SP Global's Adal Mirza writes from Dubai that the petroleum contracts and licencing directorate sent the final tender document outlining the bidding process and model for two proposed contracts to the companies on April 13, the oil ministry said.
The bid round, the country's fifth, includes 11 areas along the borders with Iraq and Kuwait and one offshore block in the Persian Gulf. Progress has been delayed over what contract model the government will use.
Some of the oil companies have previously complained over the commercial framework on offer, despite the "unequaled geological prospects" under the ground in the blocks.
Originally planned for May 7, oil ministry officials had been planning to delay the bid round to July due to the country's upcoming national and provincial elections, scheduled for April and May.
Oil company executives voiced their complaints over the previous April 15 deadline, saying they did not have time to prepare for the bid round.
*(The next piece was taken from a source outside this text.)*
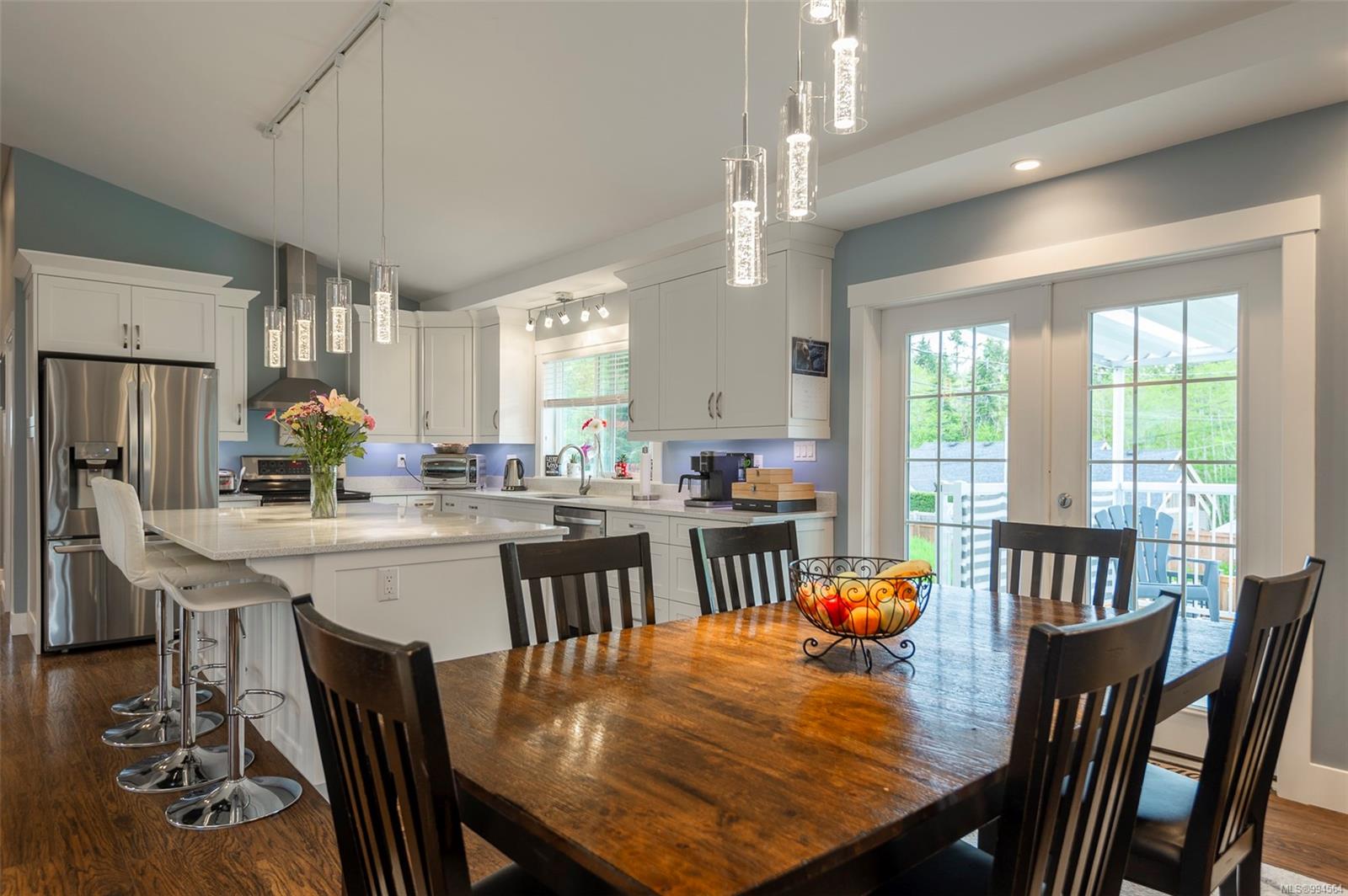 The heart of the home is the gourmet kitchen, showcasing quartz countertops, a large island for gathering, and custom shaker-style cabinetry. The adjoining dining area opens through double French doors to a private, fully fenced backyard retreat—featuring a spacious garden with its own well for irrigation and a charming catio.

The oil ministry listed 16 international oil companies that have announced their intention to participate in the bid round out of 26 prequalified in January to take part.
Previous bidding rounds used technical service agreements, with specific contract models covering costs, and paid a remuneration fee for production. Some oil companies complained that the contract had too low a return on investment and was further marred by delayed payments and contract approvals.
The key changes under the new contract include cost recovery, which will be linked to oil prices. The payments for costs and profits will also be made in crude, rather than cash. The oil companies will also bid for a share of the block's revenue, rather than remuneration fees, as under previous bid rounds.
These were changed to reflect comments made by members of the Iraqi parliament and oil ministry, aimed at reducing development costs and to align the contract with oil market conditions.